■ Task to complete ■
Wherever a picture appears in the data below, omit it, and restate everything else word for word.

### Given data

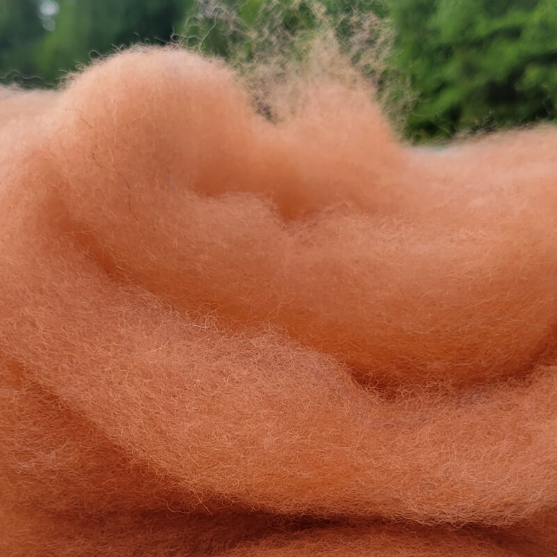 This roving is made from our own flock of heritage Gulf Coast sheep, then hand-selected in small, seasonal batches by our farmers and students. We naturally dye it here on the farm using our own farm-grown dye stuffs, and send it to a local Georgia mill for final de‑vegging and carding. The result is a clean, workable roving with the natural character of Gulf Coast wool—well suited for spinning, blending, and felting.
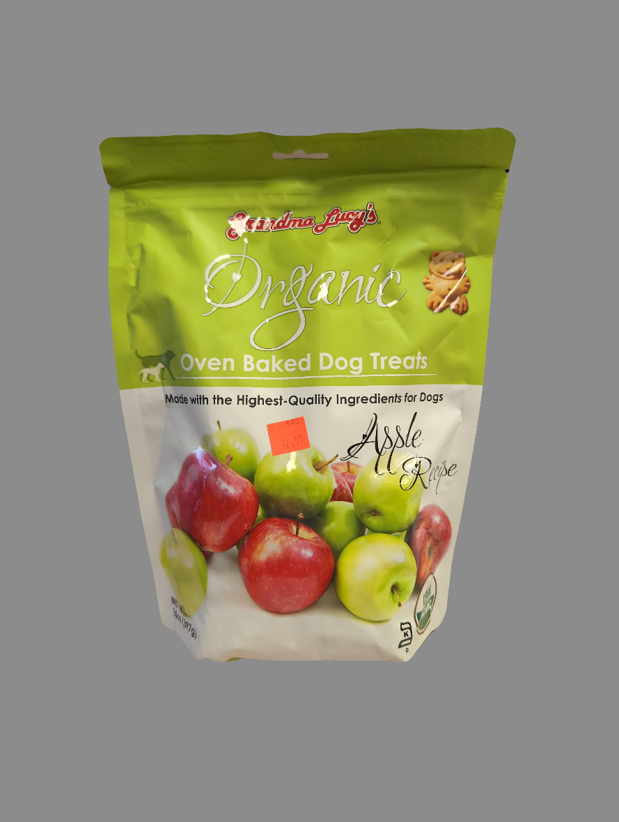 Grandma Lucy's organic dog treats are not made in a factory but baked in a bakery by people who love their pets!
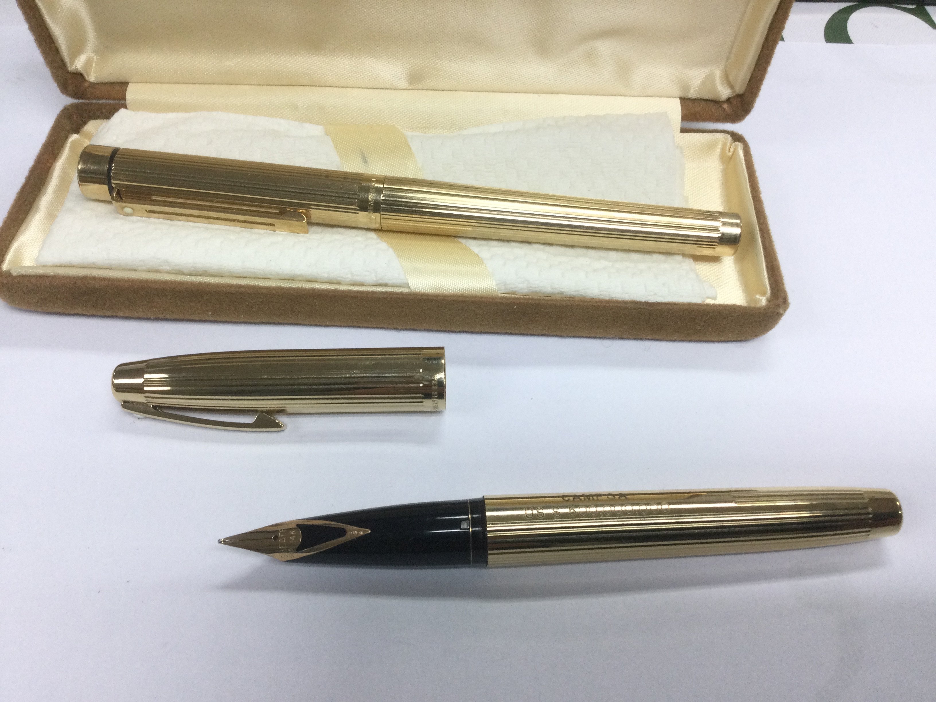 A collection of pens comprising two 14k gold nib Sheaffer fountain pens plus some Cross and Parker examples. Shipping category B.

######

■ Output for this exercise ■
 This roving is made from our own flock of heritage Gulf Coast sheep, then hand-selected in small, seasonal batches by our farmers and students. We naturally dye it here on the farm using our own farm-grown dye stuffs, and send it to a local Georgia mill for final de‑vegging and carding. The result is a clean, workable roving with the natural character of Gulf Coast wool—well suited for spinning, blending, and felting.
 Grandma Lucy's organic dog treats are not made in a factory but baked in a bakery by people who love their pets!
 A collection of pens comprising two 14k gold nib Sheaffer fountain pens plus some Cross and Parker examples. Shipping category B.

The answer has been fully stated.